And, to add delirium to the proceedings we were being followed around by cameras everywhere we went, again. Felt like bleeding E17 we did. There we were chucking out snappy rejoinders safe in the knowledge that our wisdom and wit was being retained for posterity. Never again shall we need to sit in darkened lonely rooms, uttering axioms of startling clarity and humour to no one and thinking, well, that’s it, the cleverest thing I’m ever going to say, and no one here to share in it. We need huge audiences, huge swathes of easily impressed people to listen and laugh and point their fingers when they espy us curled up in the gutter, staring at the stars. We’re clever us, we deserve the arrogance of permanence.
As if to reiterate, we can play these two sets, the light and airy, the dark and brooding. We’re like nine Billy Blakes there. Which is the future, which is the past? Who cares.

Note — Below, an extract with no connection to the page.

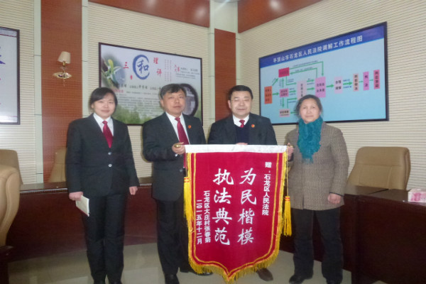 近日,石龙区法院成功调解并履行到位一起涉农维权案件,经过多方努力,双方当事人当场达成调解协议,并主动履行了赔偿款115000元。针对法官所付出的努力为当事人讨回赔偿款,解决了纠纷,原告深表感激,并送来锦旗一面。

The trick to this entire gig was to do the conga at the end but not tell Brownfury, and revel in his bemusement as we waddled chirpily off the stage. But some German let the cat out of the bag, and to add further insult, the cameras were all off.
Pah.
But we achieved half of what we set out to do. The beer was far too expensive (as in not free) for us to achieve all.
[w/ Manitoba & Jimmy Behan]
This show was filmed for the teevee. No Disco to be precise.

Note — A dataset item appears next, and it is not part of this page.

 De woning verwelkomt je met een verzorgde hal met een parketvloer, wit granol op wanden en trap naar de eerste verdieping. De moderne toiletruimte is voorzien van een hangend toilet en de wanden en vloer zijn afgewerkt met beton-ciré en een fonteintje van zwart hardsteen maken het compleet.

We all looked right funny, crammed onto the PODs tiny stage. But we didn’t care. Why? Free booze,
that’s why. Free booze and free cripps. Manitoba and Jimmy Behan were much better than us anyway.

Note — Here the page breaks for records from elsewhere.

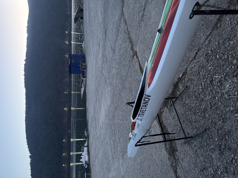 The image depicts a waterfront scene at dusk or early morning, located in Pancharevo, Bulgaria. In the foreground, a white competitive sprint canoe or kayak rests horizontally on a black metal boat stand on a textured concrete surface. The boat features green, white, and red stripes along its side, resembling the Bulgarian national flag. The name "D. TSVETANOV" is printed in black capital letters on the hull, along with "NELO" and "BUL" accompanied by a small Bulgarian flag emblem. A loose, light-colored rope lies coiled on the concrete near the boat's stern. The midground features a large body of water, likely a lake or reservoir, reflecting distant lights. To the left, a white recreational boat, possibly a motorboat, is moored or partially submerged near the concrete edge. Towards the center-right, a small, blue, box-like structure, potentially a hut or storage shed, sits on a pier or platform extending into the water. A wooden table and chairs are positioned next to this structure. Further right, a small boat, possibly on a trailer, is visible near the shoreline. The background consists of dark, tree-covered hills or mountains silhouetted against a pale sky. A line of illuminated streetlights or similar fixtures is visible along the distant shore, casting prominent vertical reflections across the water's surface. No individuals are present in the scene.
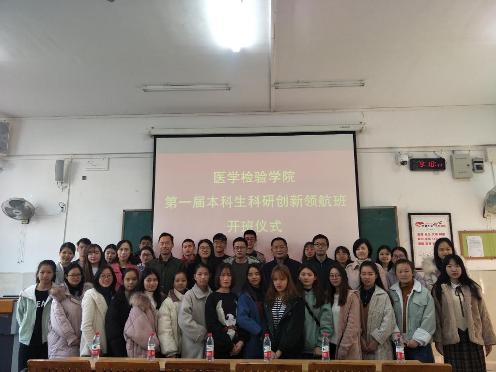 为引领大学生树立创新意识,培养创新能力,提高学生的综合素质,全面推进"三全育人"模式,12月13日上午,医学检验学院在临桂校区教学南楼212举行第一届本科生科研创新领航班开班仪式,医学检验学院党总支书记、院长李云秋,副院长谭洁,党总支副书记黄晨,18、19检本辅导员黄艳芸,各科研小组导师以及30位领航班同学参与此次活动。此次活动,是医学检验学院继“科研创新导师制度”、“学生宿舍梦想导师”后又一重要举措。
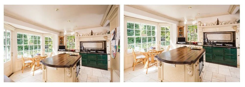 In this kitchen example shooting wider doesn’t make the room look bigger, nicer or make for a better photograph. What it does show is a radiator, children’s drawings, a bit of random worktop and acres and acres of plasterboard ceiling. All that extra uninteresting stuff means the main features of the room; the AGA, island and view onto the garden are smaller in frame.

But we didn’t care. Free booze and that.
Gig was all sold out which was nice. People not being able to get in, cos it was all sold out. That’ll learn us. Deadly buzz altogether. We were without Jurgen for this one, so Paul filled in with some accordion sounds from the keyboard. Although this sounds like a frankly hilarious idea, it worked out quite well. The sound was pretty good and the peoples appeared to like it, but there’s a worrying propensity toward between song joke telling going on…. We’re going to end up sounding like some variety show if this keeps up.
Cork is swiftly becoming our favourite place, and this time we even had proper beds to sleep in, though getting to them after the gig proved seriously perilous. Traversing pools of blood, clutches of mad men, Guinness ad re-enacting gimbats, pissings and pissings of rain, dearth of taxis and bag fulls of gear and stuff.